Following are the solutions obtained:

• Region $|\frac{ac}{b^2}|<1$:$$I_1=\frac{c^{2-n} \Gamma (1-n) \, _2\tilde{F}_1\left(1,\frac{3}{2};3-n;\frac{a c}{b^2}\right)}{4 b^2}$$
• Region $|\frac{b^2}{ac}|<1$:$$I_2=\frac{\sqrt{a} c^{1-n} \Gamma (n-1) \, _2F_1\left(1,n-1;\frac{1}{2};\frac{b^2}{a c}\right)-\sqrt{\pi } b c^{\frac{1}{2}-n} \Gamma \left(n-\frac{1}{2}\right) \left(1-\frac{b^2}{a c}\right)^{\frac{1}{2}-n}}{2 a^{3/2} \Gamma (n)}$$
• Region $|\frac{ac}{b^2}|<1$:$$ I_3=\frac{4^{1-n} a^{n-2} b^{2-2 n} \Gamma (2-n) \Gamma (2 n-2) \left(1-\frac{a c}{b^2}\right)^{\frac{1}{2}-n}}{\Gamma (n)}$$

  It could be seen that both $I_1$ and $I_3$ converge in the same region, so we should add them up, as per rule $E_3$: $$I_4=-\frac{\Gamma (1-n) \left(2 a^{n-2} b^{4-2 n} \Gamma \left(n-\frac{1}{2}\right) \left(1-\frac{a c}{b^2}\right)^{\frac{1}{2}-n}-\sqrt{\pi } c^{2-n} \, _2\tilde{F}_1\left(1,\frac{3}{2};3-n;\frac{a c}{b^2}\right)\right)}{4 \sqrt{\pi } b^2}$$

  The solution for this region, $|\frac{ac}{b^2}|<1$, thus obtained, must correspond to $I$, for a suitable choice of the parametric-triad (a,b,c). Also, it's known from the book of Gradshteyn and Ryzhik that for $(0<ac<b^2)$, the integral could be expressed in the following closed form: $$ \int_{0}^{\infty}\frac{x\: d{x}}{(ax^2+2bx+c)^{n}} = \frac{(-1)^n}{(n-1){!}{!}}\frac{\partial^{n-2}}{\partial c^{n-2}}\Big(\frac{1}{2(ac-b^2)}+\frac{b}{4(b^2-ac)^{\frac{3}{2}}} \ln\Big(\frac{b+\sqrt{b^2-ac}}{b-\sqrt{b^2-ac}}\Big)\Big)\: [b^2>ac>0] $$

  However, a derivation of this closed-form starting with the solution obtained using the rules of the Method of Brackets: $I_4$, turns out to be too non-trivial a task to accomplish, so a numerical consistency check is called for. However, this method has its own set of nasty complications.

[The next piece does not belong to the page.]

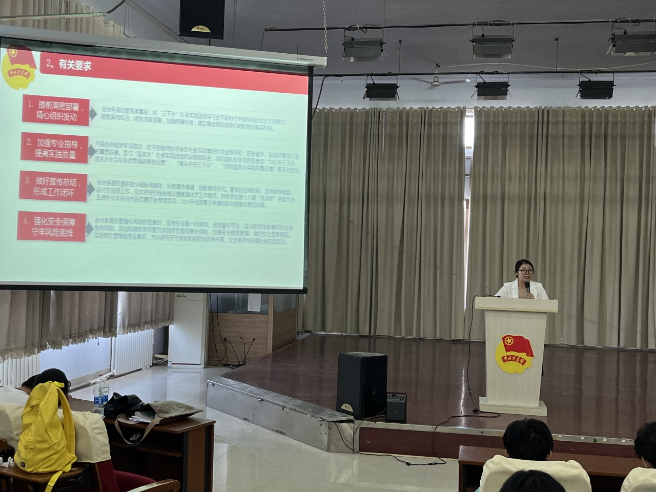 为深入开展学习贯彻习近平新时代中国特色社会主义思想主题教育,引导广大青年学生将理论与实践相结合,帮助青年学生了解国情、观察社会,7月6日下午,人人爽人人爽于求实楼409报告厅开展了暑期“三下乡”社会实践活动动员大会。会议由学院团委书记主讲,全体2022级在校生参加。
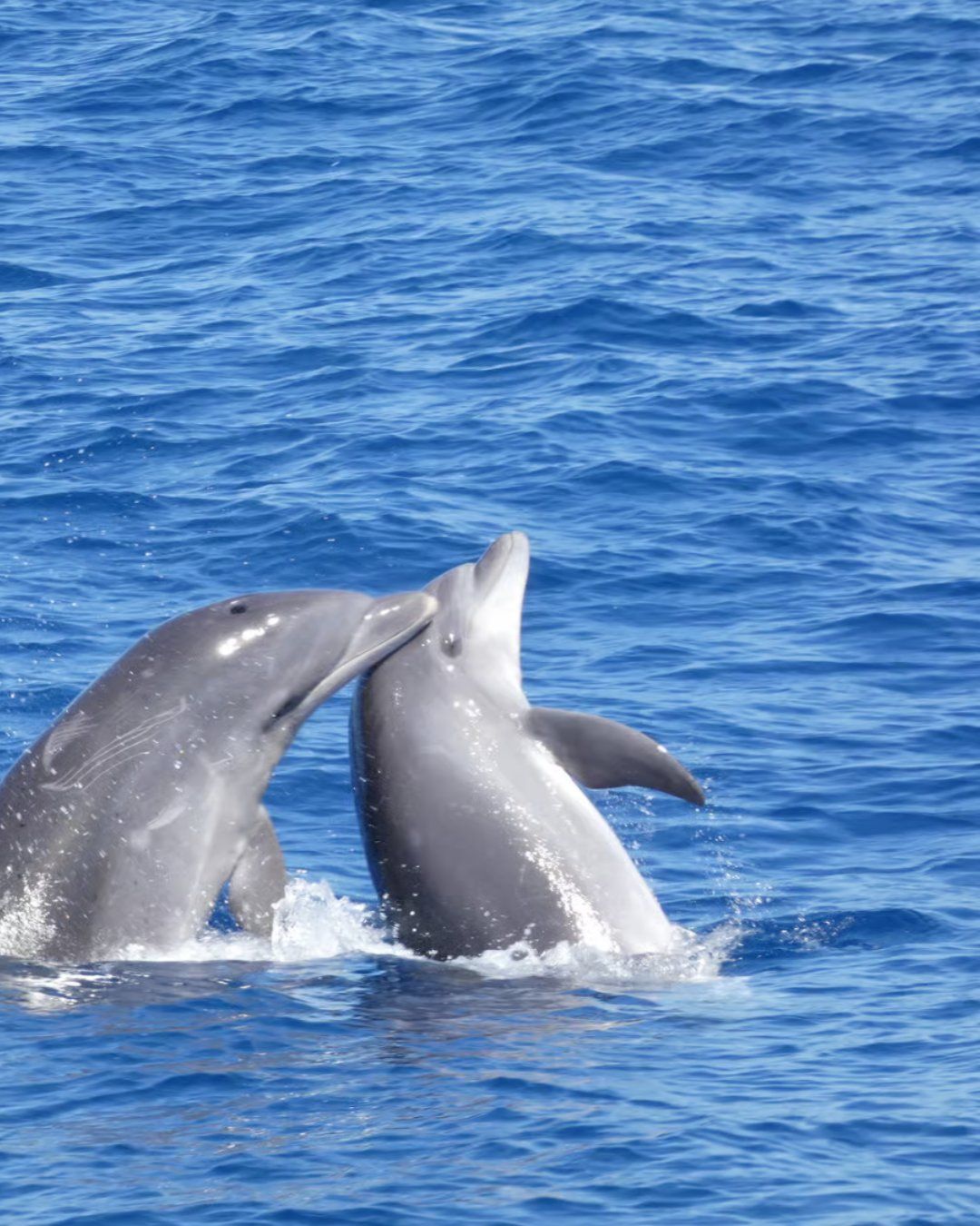 Po chvíli na moři se nám podařilo spatřit první skupinu delfínů, kteří skákali kolem přídě. Bylo to neskutečné – žádné nucené přibližování, prostě jsme jen čekali a oni sami připluli k lodi. Později jsme viděli i menší skupinu velryb, které se klidně pohybovaly podél naší trasy. Ten pocit, když se vám takový obr vynoří u lodi, je k nezaplacení.

  It is known that the gamma function has poles of order 1 at all non-positive integers. Owing to this, $I_1$ (and so, $I_4$) fails to provide a suitable expression, $\forall$ n $\in$ $\mathbb{N}$.

  Also, the hypergeometric $_2{F}_1$ happens to have the following standard expansion: \begin{align} _2{F}_1(a,b;c;z) &= \sum_{k=0}^{\infty}\frac{(a)_k(b)_k}{(c)_kk{!}}z^k \\ &= \sum_{k=0}^{\infty}\frac{\Gamma(a+k)\Gamma(b+k)\Gamma(c)}{\Gamma(a)\Gamma(b)\Gamma(c+k)\Gamma(k+1)}z^n \end{align} which is convergent in $|z|<1$, as long as Re(c$-$a$-$b)$>$0.

  Here, a$=$1, b$=\frac{3}{2}$, c$=$ 3$-$n, and z $=$ $\frac{ac}{b^2}$. Now, $\Gamma$(3$-$n) is a simple pole $\forall$ n $\in$ $\mathbb{N}\setminus\{1,2\}$. Thus, a numerical check for $I_1$ turns out to be impossible.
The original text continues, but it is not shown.